## Given records
○ ○ ○ ○

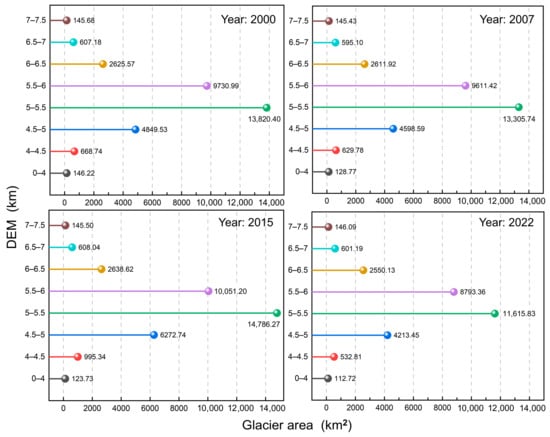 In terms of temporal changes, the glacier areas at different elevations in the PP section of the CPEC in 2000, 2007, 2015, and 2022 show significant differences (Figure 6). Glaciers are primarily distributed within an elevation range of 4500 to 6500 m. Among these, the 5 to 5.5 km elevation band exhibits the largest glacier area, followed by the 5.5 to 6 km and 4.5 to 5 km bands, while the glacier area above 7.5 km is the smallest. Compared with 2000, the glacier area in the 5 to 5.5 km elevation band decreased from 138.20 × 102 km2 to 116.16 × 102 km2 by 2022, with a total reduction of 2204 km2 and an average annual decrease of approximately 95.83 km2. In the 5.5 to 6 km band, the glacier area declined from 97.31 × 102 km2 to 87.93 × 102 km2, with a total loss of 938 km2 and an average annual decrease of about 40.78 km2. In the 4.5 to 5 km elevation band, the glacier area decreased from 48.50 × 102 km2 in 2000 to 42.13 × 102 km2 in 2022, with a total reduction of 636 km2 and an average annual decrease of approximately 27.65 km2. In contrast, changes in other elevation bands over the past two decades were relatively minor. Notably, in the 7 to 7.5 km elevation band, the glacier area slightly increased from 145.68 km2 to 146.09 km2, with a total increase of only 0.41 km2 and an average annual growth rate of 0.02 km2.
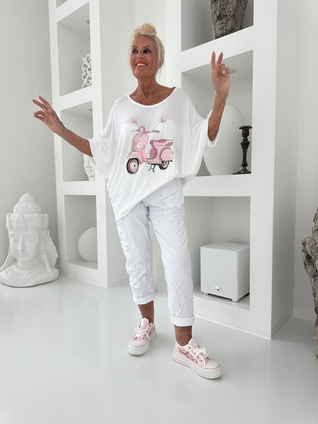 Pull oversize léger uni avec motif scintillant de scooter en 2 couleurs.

○ ○ ○ ○

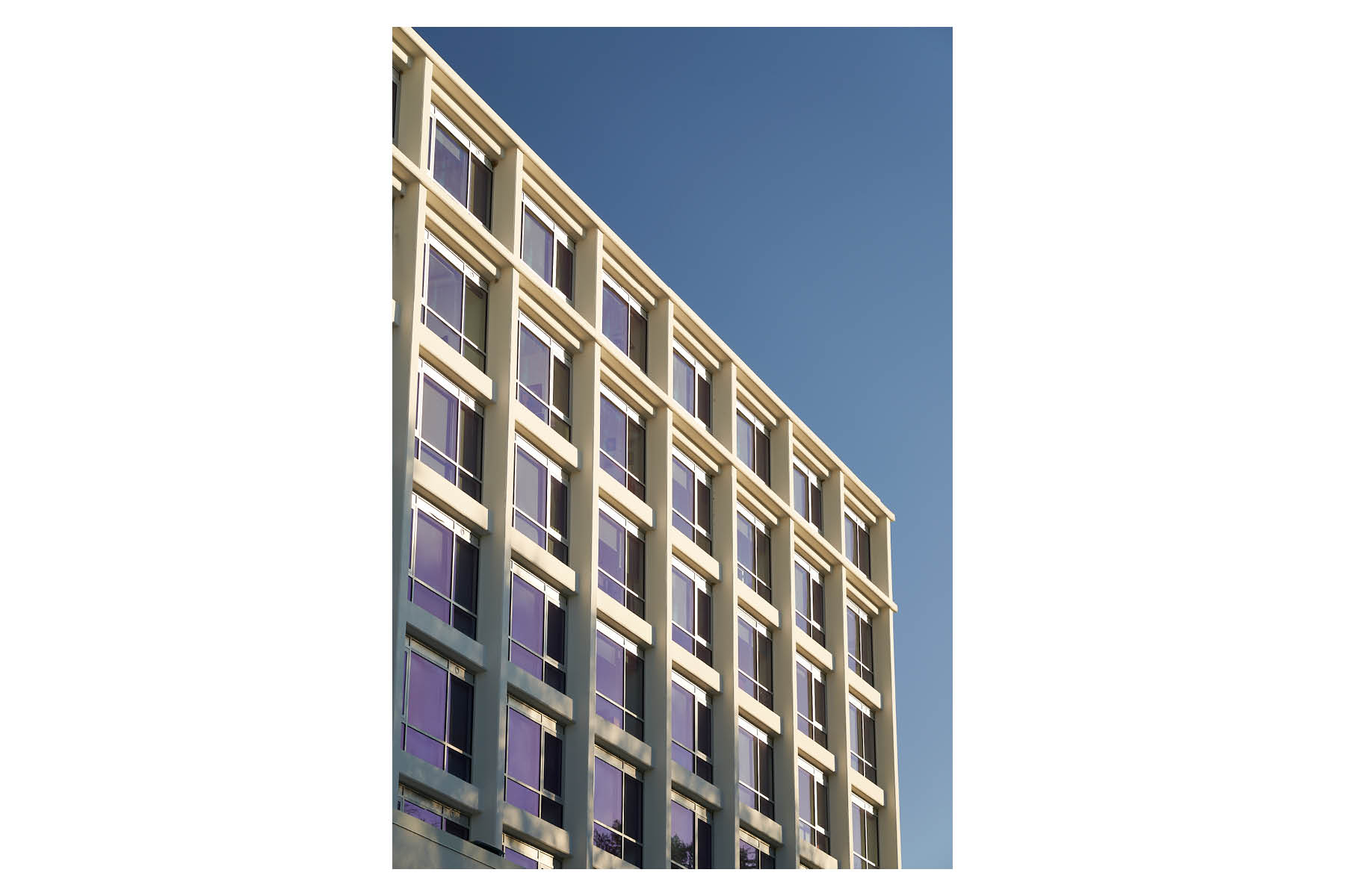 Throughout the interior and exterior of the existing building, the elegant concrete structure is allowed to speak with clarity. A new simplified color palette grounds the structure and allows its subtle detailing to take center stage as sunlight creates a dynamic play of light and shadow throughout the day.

○ ○ ○ ○

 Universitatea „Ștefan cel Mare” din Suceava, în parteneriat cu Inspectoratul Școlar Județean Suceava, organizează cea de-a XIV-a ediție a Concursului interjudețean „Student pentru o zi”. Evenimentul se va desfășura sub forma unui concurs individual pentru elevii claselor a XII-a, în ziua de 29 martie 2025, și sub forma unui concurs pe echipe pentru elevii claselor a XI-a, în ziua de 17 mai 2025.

○ ○ ○ ○

## What this task involves
In the data above, retype only the stretch from the line with "In terms of" through the line with "Pull oversize léger", word for word, and skip any pictures.

## Output below
 In terms of temporal changes, the glacier areas at different elevations in the PP section of the CPEC in 2000, 2007, 2015, and 2022 show significant differences (Figure 6). Glaciers are primarily distributed within an elevation range of 4500 to 6500 m. Among these, the 5 to 5.5 km elevation band exhibits the largest glacier area, followed by the 5.5 to 6 km and 4.5 to 5 km bands, while the glacier area above 7.5 km is the smallest. Compared with 2000, the glacier area in the 5 to 5.5 km elevation band decreased from 138.20 × 102 km2 to 116.16 × 102 km2 by 2022, with a total reduction of 2204 km2 and an average annual decrease of approximately 95.83 km2. In the 5.5 to 6 km band, the glacier area declined from 97.31 × 102 km2 to 87.93 × 102 km2, with a total loss of 938 km2 and an average annual decrease of about 40.78 km2. In the 4.5 to 5 km elevation band, the glacier area decreased from 48.50 × 102 km2 in 2000 to 42.13 × 102 km2 in 2022, with a total reduction of 636 km2 and an average annual decrease of approximately 27.65 km2. In contrast, changes in other elevation bands over the past two decades were relatively minor. Notably, in the 7 to 7.5 km elevation band, the glacier area slightly increased from 145.68 km2 to 146.09 km2, with a total increase of only 0.41 km2 and an average annual growth rate of 0.02 km2.
 Pull oversize léger uni avec motif scintillant de scooter en 2 couleurs.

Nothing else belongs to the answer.